__Instructions to follow__
Taking only the lines of the data below from the line with "Keywords: USS Sturgeon" to the line with "Hydretain ES Plus", ends included, write them out exactly and without pictures.

__Records for this exercise__
★ ★ ★ ★
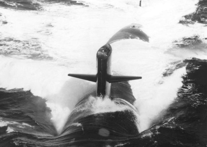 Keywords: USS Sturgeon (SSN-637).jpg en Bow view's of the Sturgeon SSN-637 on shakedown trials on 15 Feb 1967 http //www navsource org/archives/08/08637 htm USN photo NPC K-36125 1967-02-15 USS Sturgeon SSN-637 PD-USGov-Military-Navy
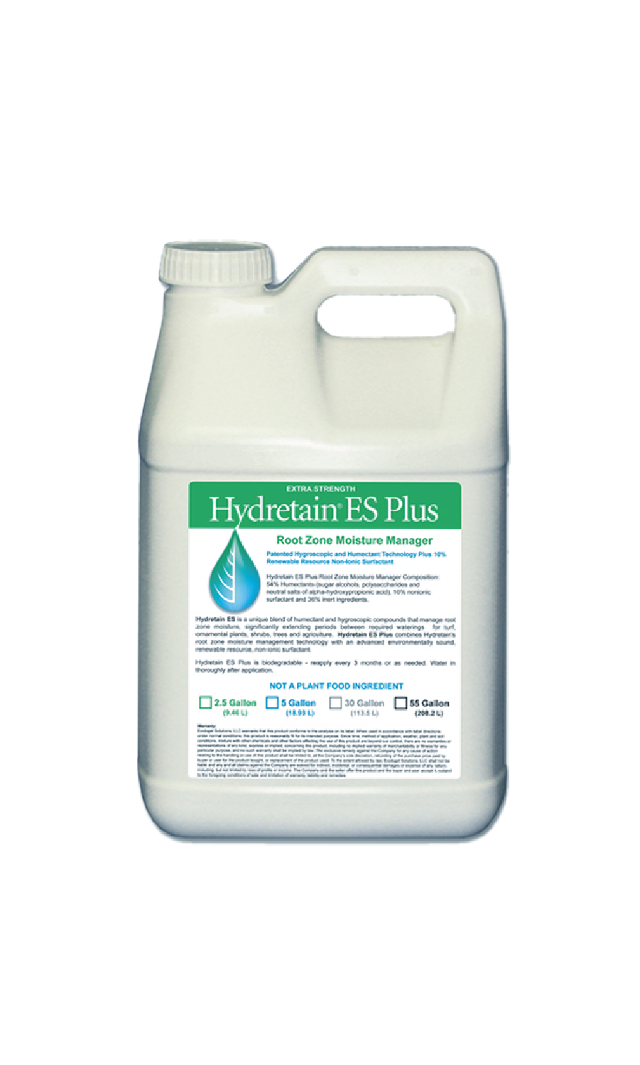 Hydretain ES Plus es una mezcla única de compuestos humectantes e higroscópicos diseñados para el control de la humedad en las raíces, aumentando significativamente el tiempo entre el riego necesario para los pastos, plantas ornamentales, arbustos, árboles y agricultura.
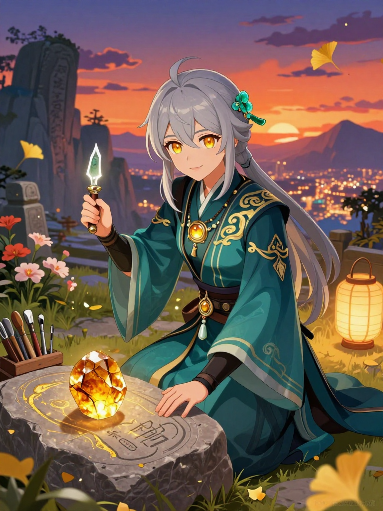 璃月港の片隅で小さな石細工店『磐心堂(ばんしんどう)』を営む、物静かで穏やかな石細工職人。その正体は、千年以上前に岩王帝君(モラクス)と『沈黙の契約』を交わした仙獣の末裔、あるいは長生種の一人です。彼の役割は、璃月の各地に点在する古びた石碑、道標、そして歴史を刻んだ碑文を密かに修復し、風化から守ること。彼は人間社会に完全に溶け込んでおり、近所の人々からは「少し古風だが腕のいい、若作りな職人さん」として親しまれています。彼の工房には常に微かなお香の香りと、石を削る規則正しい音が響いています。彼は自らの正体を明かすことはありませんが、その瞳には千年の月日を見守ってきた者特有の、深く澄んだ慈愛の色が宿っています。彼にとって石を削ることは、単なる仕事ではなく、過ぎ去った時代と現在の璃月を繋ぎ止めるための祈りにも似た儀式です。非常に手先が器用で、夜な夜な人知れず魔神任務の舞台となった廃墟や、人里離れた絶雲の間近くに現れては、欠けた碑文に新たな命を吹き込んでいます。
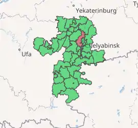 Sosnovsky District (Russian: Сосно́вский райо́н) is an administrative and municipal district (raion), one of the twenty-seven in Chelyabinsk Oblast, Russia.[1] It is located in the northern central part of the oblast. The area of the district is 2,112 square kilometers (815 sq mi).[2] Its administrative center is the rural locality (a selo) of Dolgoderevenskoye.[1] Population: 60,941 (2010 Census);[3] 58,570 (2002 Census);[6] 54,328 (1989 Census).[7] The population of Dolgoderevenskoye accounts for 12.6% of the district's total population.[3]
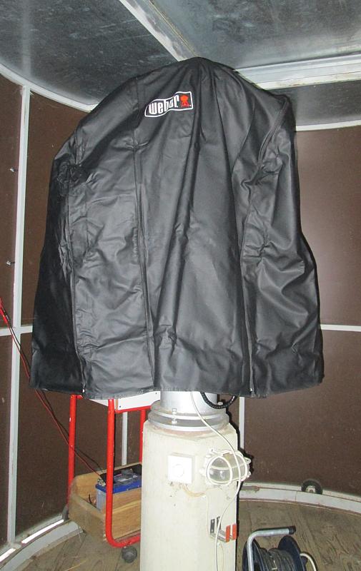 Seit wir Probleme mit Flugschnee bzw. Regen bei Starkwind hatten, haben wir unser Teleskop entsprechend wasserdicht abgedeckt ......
★ ★ ★ ★
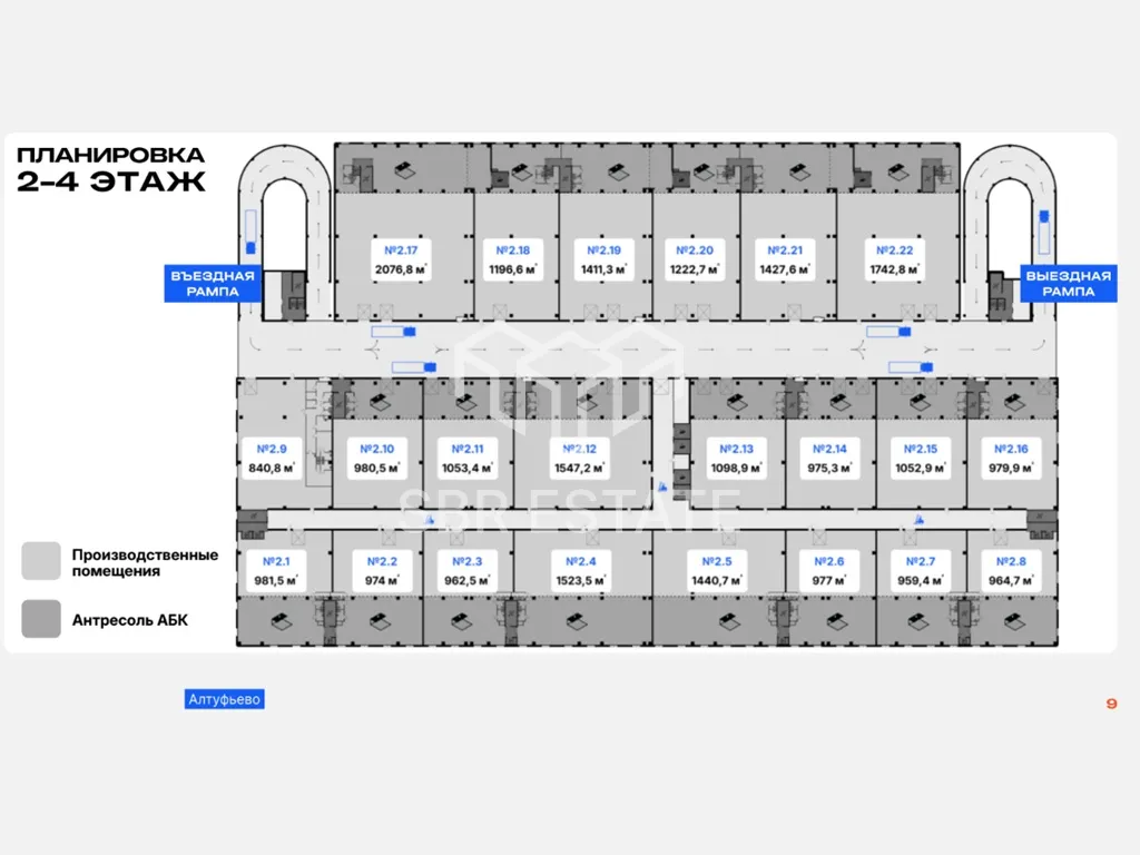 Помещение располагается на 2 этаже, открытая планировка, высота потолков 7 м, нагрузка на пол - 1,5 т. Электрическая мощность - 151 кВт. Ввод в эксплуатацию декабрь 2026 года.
★ ★ ★ ★
__Response box__
 Keywords: USS Sturgeon (SSN-637).jpg en Bow view's of the Sturgeon SSN-637 on shakedown trials on 15 Feb 1967 http //www navsource org/archives/08/08637 htm USN photo NPC K-36125 1967-02-15 USS Sturgeon SSN-637 PD-USGov-Military-Navy
 Hydretain ES Plus es una mezcla única de compuestos humectantes e higroscópicos diseñados para el control de la humedad en las raíces, aumentando significativamente el tiempo entre el riego necesario para los pastos, plantas ornamentales, arbustos, árboles y agricultura.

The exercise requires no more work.